Secretary of State Condoleezza Rice becomes the highest-ranking American official to visit Libya in more than a half-century, opening the way for renewed political and economic relations between Libya and the United States.
"It is a historic moment. And it is one that has come after a lot of difficulty, the suffering of many people that will never be forgotten or assuaged, Americans in particular, for whom I'm very concerned," Rice said September 5. She flew from Portugal, where she had been meeting with Portuguese officials, for her meeting in Tripoli with Libyan leader Muammar Qadhafi.
"I also am looking forward to the opportunity to talk about a number of issues," Rice said.
Rice acknowledged that this meeting was made possible because Libya made the decision in 2003 to abandon its weapons of mass destruction program and to renounce terrorism, and because of a landmark settlement to compensate victims of terrorism. Libya had been on the U.S. State Sponsors of Terrorism list, but has been removed as a consequence of its actions to end ties with terrorist groups.

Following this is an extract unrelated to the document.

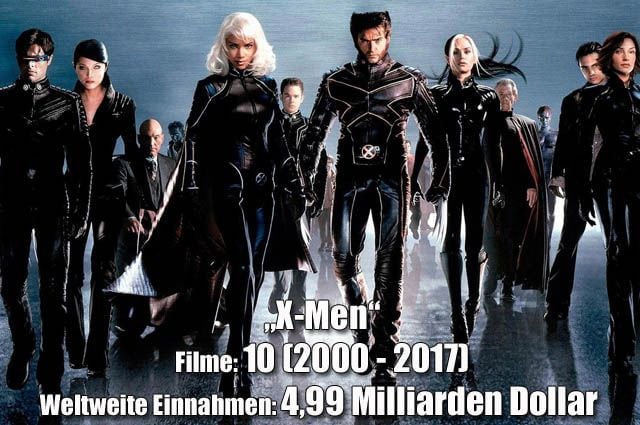 Platz 12 „X-Men“ Gesamtes Einspielergebnis (weltweit): 3.054.423.278 $ Durchschnittliches Einspielergebnis (weltweit): 436.346.182 $ FILME (7): „X-Men“: 296.339.717 $ „X-Men 2“: 407.711.551 $ „X-Men: Der letzte Widerstand“: 459.359.557 $ „X-Men Origins: Wolverine”: 374.825.760 $ „X-Men: Erste Entscheidung”: 355.408.305 $ „Wolverine: Weg des Kriegers”: 416.456.852 $ „X-Men: Zukunft ist Vergangenheit”: 744.321.536 $

The United States and Libya reached an agreement to resolve lawsuits by American victims of terrorist attacks and Libyan victims of bombings in 1986 and 1988, Ambassador David Welch said. "Under this agreement, each country's citizens can receive fair compensation for past incidents," Welch said August 14 in Tripoli, Libya's capital. "When fulfilled, the agreement we signed today will permit Libya and the United States to move ahead in developing their relations."
The settlement for outstanding lawsuits includes victims of the 1986 terrorist attack on a Berlin disco that killed three people and wounded 229, and the 1988 terrorist bombing of Pan Am Flight 103 over Lockerbie, Scotland, that killed 270 people. It also provides for Libyans killed in 1986 when U.S. warplanes bombed the cities of Tripoli and Benghazi, which reportedly led to the deaths of 40 people.
"There is a long way to go, but I do believe that this demonstrates that the United States doesn't have permanent enemies," Rice said en route to Tripoli. "It demonstrates that when countries are prepared to make strategic changes in direction, the United States is prepared to respond."
Rice is the first U.S. secretary of state to visit Libya since John Foster Dulles in 1953, during the Eisenhower administration, and the highest-ranking U.S. official to visit since then-Vice President Richard Nixon in 1957.
White House press secretary Dana Perino said in Washington that President Bush hopes to name a new ambassador to Tripoli soon.
"We have had a long and bad history with Libya, and that began to turn around when they turned away from nuclear weapons and terrorism. That country has radically changed its behavior. And Secretary Rice's trip signifies a new chapter in U.S.-Libya bilateral relations," Perino said.
Rice, who was scheduled to be in Tripoli for a few hours, said there is much to talk about with Libyan officials, including efforts to combat terrorism in North Africa, Libya's crucial help in managing the significant conflicts in Sudan and Somalia, Libya's role in the African Union and as a member of the Arab League, direct bilateral relations with the United States for educational and cultural exchanges, and human rights issues.
After meeting with Libya's foreign minister, Mohammed Abdel-Rahman Shalgam, Rice was to share an iftar, the traditional meal breaking the fast during the Islamic holy month of Ramadan, with Qadhafi.
After leaving Tripoli, Rice was also scheduled to visit Algeria, Tunisia and Morocco.